Sumamigren ® should not be prescribed to patients with suspected heart disease without prior examination. This category of patients includes postmenopausal women, men over 40 years of age, and patients with risk factors for developing coronary artery disease. The use of the drug is possible only after excluding diseases of the cardiovascular system. If, while using the drug, such patients develop symptoms from the cardiovascular system and there is reason to suspect coronary heart disease, then it is necessary to conduct an appropriate examination.
Do not exceed the recommended doses of the drug.
Impact on the ability to drive vehicles and operate machinery
During therapy with sumatriptan, drowsiness may develop (both associated with the disease itself and with taking the drug). Therefore, during the period of use of the drug, patients should be especially careful when driving a car and engaging in other potentially hazardous activities that require a high speed of psychomotor reactions.
Drug interactions
There were no drug interactions between sumatriptan and propranolol, flunarizine, pizotifen and ethanol.

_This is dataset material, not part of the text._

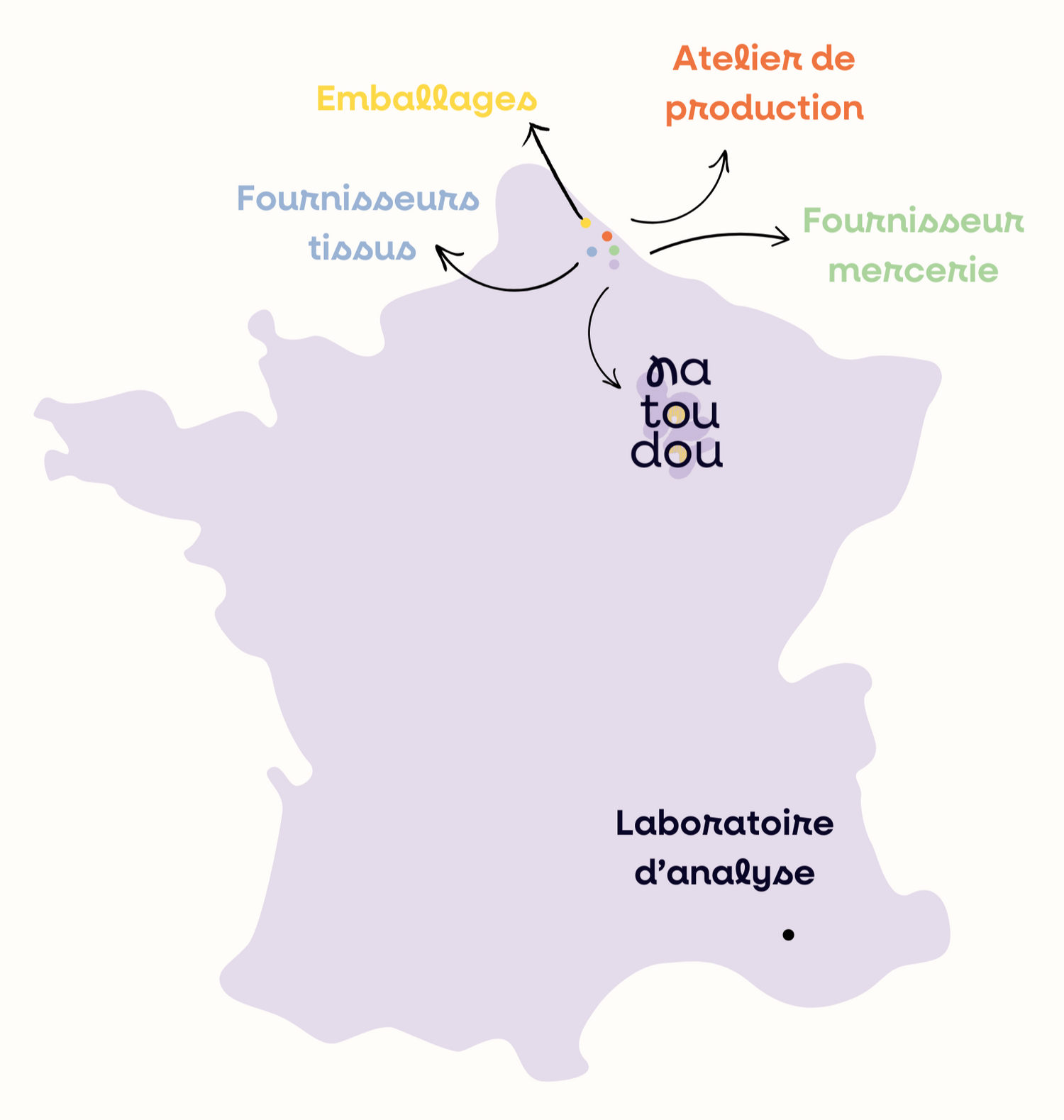 La majorité de nos matières sont certifiées OEKOTEX® STANDARD 100. Ou encore tous nos partenaires sont français pour limiter au maximum les transports.

When taken simultaneously with ergotamine, prolonged vasospasm was observed. Sumatriptan can be prescribed no earlier than 24 hours after taking drugs containing ergotamine, and drugs containing ergotamine can be prescribed no earlier than 6 hours after taking sumatriptan.
Interaction between sumatriptan and MAO inhibitors is possible; their simultaneous use is contraindicated.
There are isolated reports of the development of weakness, hyperreflexia and loss of coordination in patients after concomitant use of sumatriptan and selective serotonin reuptake inhibitors (this combination is not recommended, and if the use of such a combination is necessary, the patient's condition should be carefully monitored).